This movie was so 90s-dude-bro, I instinctively covered my drink. Content warning: suicide attempt, sex with a minor
Neal (Thomas Jane) is having trouble coming to terms with the attempted suicide of his girlfriend, Joan (Claire Forlani), so he's avoided seeing her in the hospital. Instead, he spends all his time at the pool hall with his buddy Harry (Keanu Reeves) and hitting on underaged girls. He finally gets a chance to start over and have the life of his dreams, only to discover that past decisions have far-reaching consequences.
God, this movie was insufferable. It felt very amateurish, a fresh-out-of-film-school pretentiousness in editing, music, and direction. The acting was frenetic without being dynamic, with a brittle cokehead quality clearly meant to be profound.

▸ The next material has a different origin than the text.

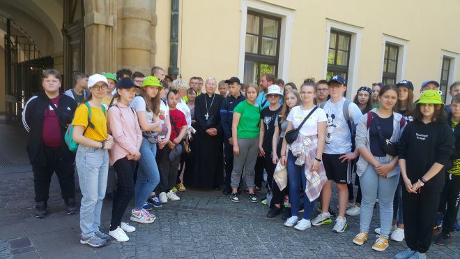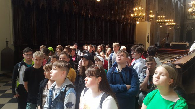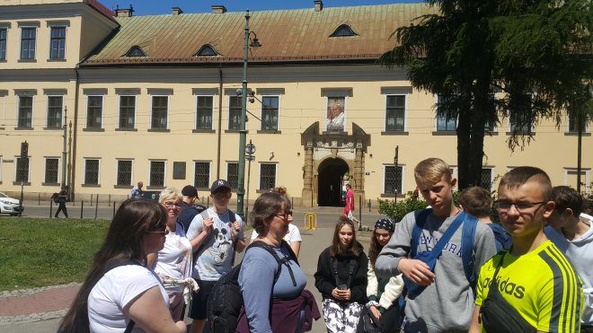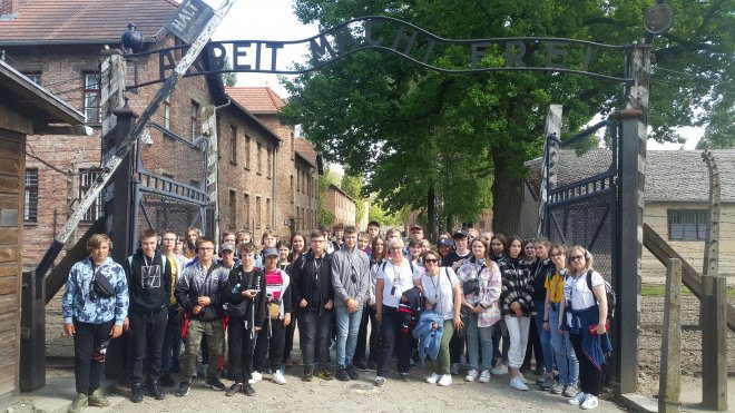 Pierwszym punktem programu był niemiecki obóz koncentracyjny w Oświęcimiu. Przeszliśmy przez słynną bramę z napisem „Arbeit macht frei” czyli „Praca czyni wolnym”. Otrzymaliśmy słuchawki, dzięki którym mogliśmy lepiej słyszeć przewodnika. Zwiedzaliśmy muzeum w ciszy i skupieniu. Na początku udaliśmy się na plac, gdzie więźniowie mieli apele trwające nawet do kilkunastu godzin. Poszliśmy również do budynku, w którym na ścianach wisiały fotografie więźniów oraz obrazy przedstawiające życie w obozie. Obejrzeliśmy również rzeczy osobiste pozostałe po więźniach, takie jak: buty, łyżki, okulary, talerze, walizki, ubrania itp. Przechodząc do kolejnych budynków widzieliśmy płot elektryczny, który otaczał Auschwitz. Pokazano nam również pomieszczenie, w którym były spalane zwłoki, „celę głodową”, „ciemnicę”, pomieszczenie, gdzie gazowano ludzi oraz „ścianę śmierci”. Poznaliśmy trudne warunki, w jakich żyli więźniowie. Udaliśmy się również do Brzezinki – obozu oddalonego o kilka kilometrów od Oświęcimia, tam też wysłuchaliśmy historię zagłady. Zapamiętamy na długo tę lekcję historii i miejsca, gdzie „ludzie ludziom zgotowali ten los”.

It is based on a letter from the collection of Neal Cassady, who the movie will tell you was a major influential figure on Jack Kerouac and the beatnik set, even though Cassady was a minor player in terms of published volume compared to his peers. That appeals to a certain set of men, the kind that think Catcher in the Rye is the Great American Novel in middle school only to become full-blown Hemingway stans by high school before devolving into generic Rand-spouting parrots by the end of their undergrad and taking a job in daddy's investment firm where they'll never have to read another book as long as they live.
I hate this movie, is what I'm saying here. It's misogynistic garbage masquerading as philosophy and everyone involved went on to better things so it can safely be consigned to the toxic waste section of the ash heap of history.
It's streaming on the Roku channel for free, which is still too high a price.